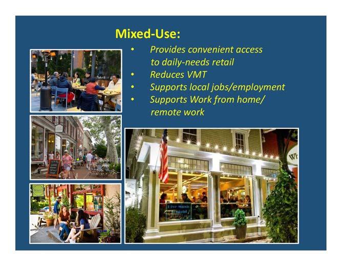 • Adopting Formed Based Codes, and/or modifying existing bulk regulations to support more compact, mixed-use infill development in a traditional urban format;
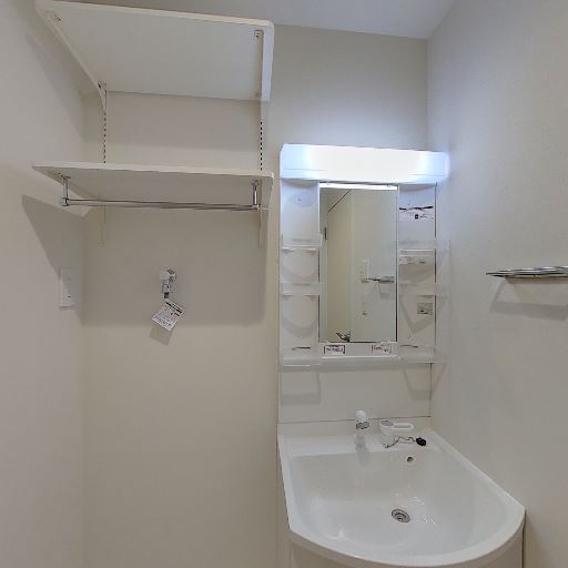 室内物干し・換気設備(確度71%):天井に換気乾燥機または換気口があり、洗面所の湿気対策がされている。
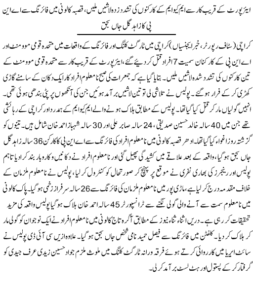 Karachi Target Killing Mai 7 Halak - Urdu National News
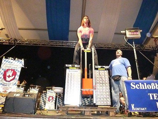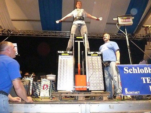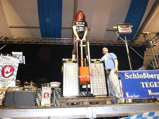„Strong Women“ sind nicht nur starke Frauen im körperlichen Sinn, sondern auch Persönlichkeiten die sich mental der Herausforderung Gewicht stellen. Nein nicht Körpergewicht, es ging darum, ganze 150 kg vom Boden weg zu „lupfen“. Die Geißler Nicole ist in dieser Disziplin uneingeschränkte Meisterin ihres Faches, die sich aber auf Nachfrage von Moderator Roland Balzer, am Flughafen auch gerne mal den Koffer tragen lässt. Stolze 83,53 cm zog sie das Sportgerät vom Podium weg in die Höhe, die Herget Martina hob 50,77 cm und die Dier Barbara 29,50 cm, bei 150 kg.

_Task to complete:_
Set the listing down again exactly, skipping each picture.

_Response to this exercise:_
 • Adopting Formed Based Codes, and/or modifying existing bulk regulations to support more compact, mixed-use infill development in a traditional urban format;
 室内物干し・換気設備(確度71%):天井に換気乾燥機または換気口があり、洗面所の湿気対策がされている。
 Karachi Target Killing Mai 7 Halak - Urdu National News
„Strong Women“ sind nicht nur starke Frauen im körperlichen Sinn, sondern auch Persönlichkeiten die sich mental der Herausforderung Gewicht stellen. Nein nicht Körpergewicht, es ging darum, ganze 150 kg vom Boden weg zu „lupfen“. Die Geißler Nicole ist in dieser Disziplin uneingeschränkte Meisterin ihres Faches, die sich aber auf Nachfrage von Moderator Roland Balzer, am Flughafen auch gerne mal den Koffer tragen lässt. Stolze 83,53 cm zog sie das Sportgerät vom Podium weg in die Höhe, die Herget Martina hob 50,77 cm und die Dier Barbara 29,50 cm, bei 150 kg.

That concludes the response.